(Items from a data source)
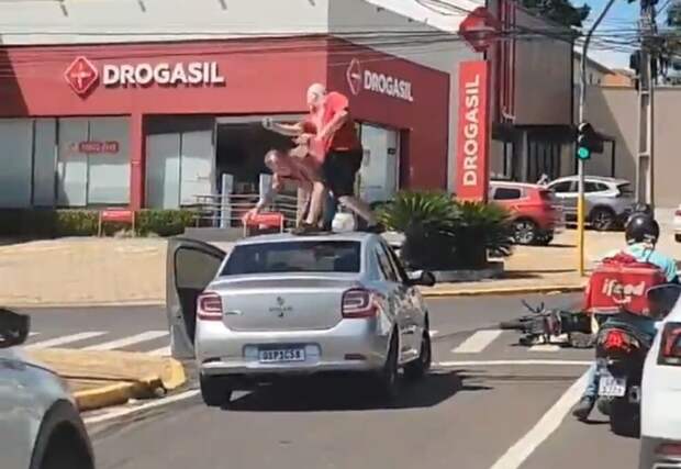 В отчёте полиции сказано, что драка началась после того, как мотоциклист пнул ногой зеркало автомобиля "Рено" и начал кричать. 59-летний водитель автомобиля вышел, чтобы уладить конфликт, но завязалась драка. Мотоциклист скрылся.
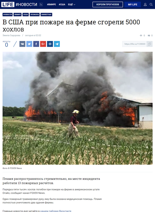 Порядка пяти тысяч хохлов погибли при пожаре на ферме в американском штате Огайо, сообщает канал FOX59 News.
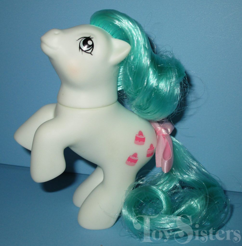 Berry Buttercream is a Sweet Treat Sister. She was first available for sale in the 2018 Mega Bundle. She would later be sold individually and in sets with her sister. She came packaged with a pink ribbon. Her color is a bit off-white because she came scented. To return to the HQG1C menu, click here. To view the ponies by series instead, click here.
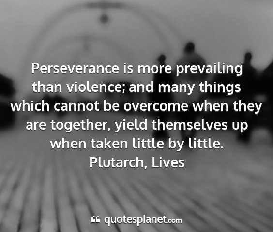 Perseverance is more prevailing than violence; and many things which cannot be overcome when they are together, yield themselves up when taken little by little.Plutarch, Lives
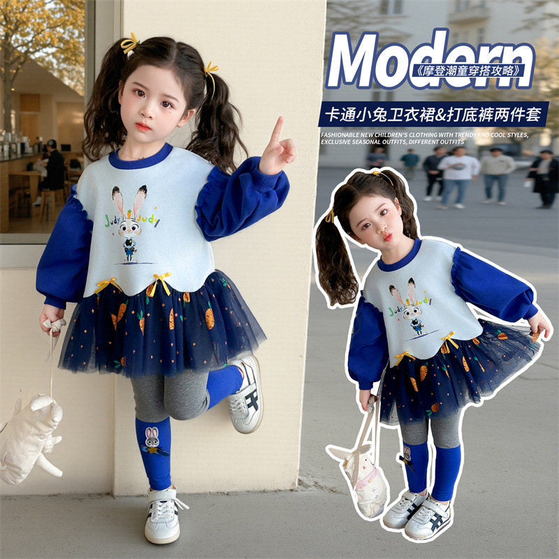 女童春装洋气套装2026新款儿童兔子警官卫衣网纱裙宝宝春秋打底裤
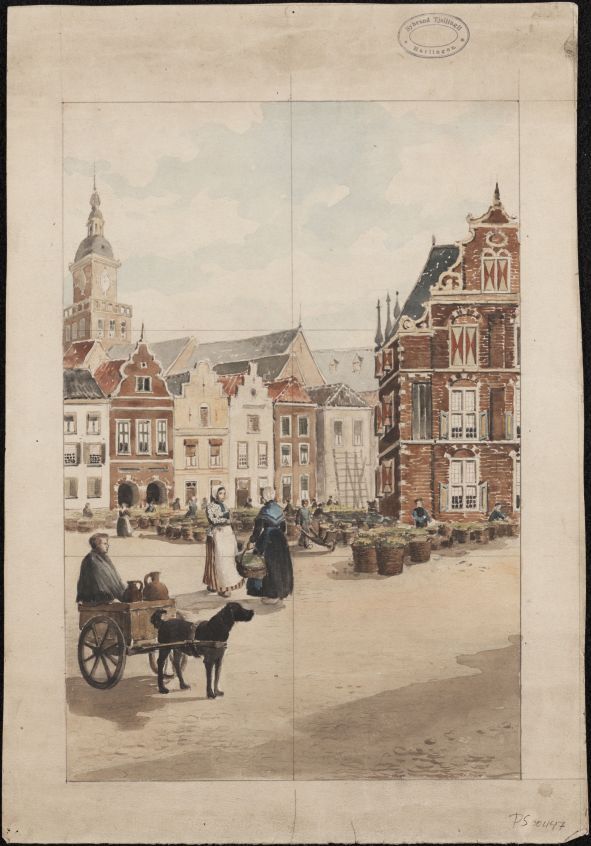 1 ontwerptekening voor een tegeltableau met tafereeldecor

**YOUR OBJECTIVE**
I would like you to retype exactly the lines running from the one containing "Порядка пяти тысяч" to the last line of the entries, both included, leaving all pictures out.

**REPLY**
 Порядка пяти тысяч хохлов погибли при пожаре на ферме в американском штате Огайо, сообщает канал FOX59 News.
 Berry Buttercream is a Sweet Treat Sister. She was first available for sale in the 2018 Mega Bundle. She would later be sold individually and in sets with her sister. She came packaged with a pink ribbon. Her color is a bit off-white because she came scented. To return to the HQG1C menu, click here. To view the ponies by series instead, click here.
 Perseverance is more prevailing than violence; and many things which cannot be overcome when they are together, yield themselves up when taken little by little.Plutarch, Lives
 女童春装洋气套装2026新款儿童兔子警官卫衣网纱裙宝宝春秋打底裤
 1 ontwerptekening voor een tegeltableau met tafereeldecor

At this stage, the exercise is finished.